Но чем дальше я листал дело, чем больше выписок делал, тем настойчивей мне и иное в голову лезло: работа такая не приближает меня к Марии Пасечной, а, наоборот, от нее отталкивает. «Почему же так»? – спрашивал я себя и не находил ответа.
«Зачем уж вы голубкинское на себя примериваете!» – эта давняя реплика Панина, удивившая грубоватостью своей даже доброжелателя Аргунова, и она мне вспомнилась.
«Да ничего я не примериваю! – спорил теперь и я с ним. – А просто понять хочу, что ее так привлекало в Голубкиной…»
Так… А все же я не стал дальше смотреть дело Голубкиной, будто боялся связать себя какой-то схемой, так же как и в первую свою поездку на стройку к Токареву, и вздохнул свободней, решив: когда-нибудь потом вернусь и досмотрю, не сейчас.
И чувство это – внезапно подаренной свободы – опять вернулось ко мне в самолете.
После стольких-то улиточных дней – лечу!
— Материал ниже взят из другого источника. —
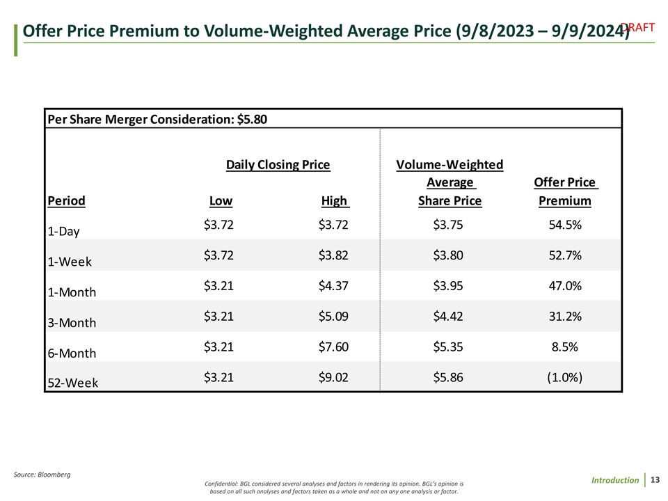 发售价草案较成交量加权平均价格溢价(9/8/2023 – 9/9/2024)每股合并对价:5.80美元每日收盘价成交量加权平均发售价期间低高股价溢价3.72美元3.72美元3.72美元3.75 54.5% 1日$ 3.72美元3.82美元3.80 52.7% 1-week $ 3.21 $ 4.37 $ 3.95 47.0% 1-month $ 3.21 $ 5.09 $ 4.42 31.2% 3-month $ 3.21 $ 7.60 $ 5.358.5% 6-month $ 3.21 $ 9.02 $ 5.86(1.0%)52周来源:彭博13简介机密:BGLL在发表意见时考虑了几项分析和因素。BGL的意见是基于所有这些分析和因素作为一个整体,而不是基于任何一个分析或因素。

Столь свободен в столь прекрасной несвободе стремительного перемещения в пространстве, не пациент – пассажир, равный всем этим соседям по салону с их непристойно будничными лицами, позевывающими ртами, ленивыми движеньями рук…
Лечу!..
И даже заминка в одном из сибирских аэропортов не испортила настроение.
Впереди, на востоке, бушевал грозовой фронт, и оттуда еще прорвались два или три борта, а нас держали на привязи, откладывая вылет с часу на час. И все новые самолеты с запада, из Адлера, Средней Азии подгребали в порт.
На улице накрапывал дождичек. Пассажиры сбились в вокзальном здании, двухэтажном, но вдруг оказавшемся тесным. Да и весь второй-то этаж занят был летными службами, там только и приютиться нашему брату – в нелепых, узеньких галерейках, отгороженных пузатенькими мраморными кеглями. Пассажиры свисали оттуда гроздьями голов. А внизу – толчейная толчея.
Не то чтоб присесть – пройти трудно. По углам, на полу, на рюкзаках – стайки студентов в зеленых робах; на спинах – черными громадными буквами названья городов, – строительные отряды. И уж обязательно в центре один – бренчит гитарой, гугнит уныло припрыгивающий мотивчик. Проходы заставлены чемоданами – щегольскими, кожаными, с лацканами, обтягивающими поверху их сытые тела, и фибровыми, с покореженными железками по углам, и мешками, перехваченными у горла лохматой бечевкой, корзинами – с ягодой таежной, аккуратно повязанными сверху белыми тряпицами в черных, и синих, и розовых пятнах выдавленного сока.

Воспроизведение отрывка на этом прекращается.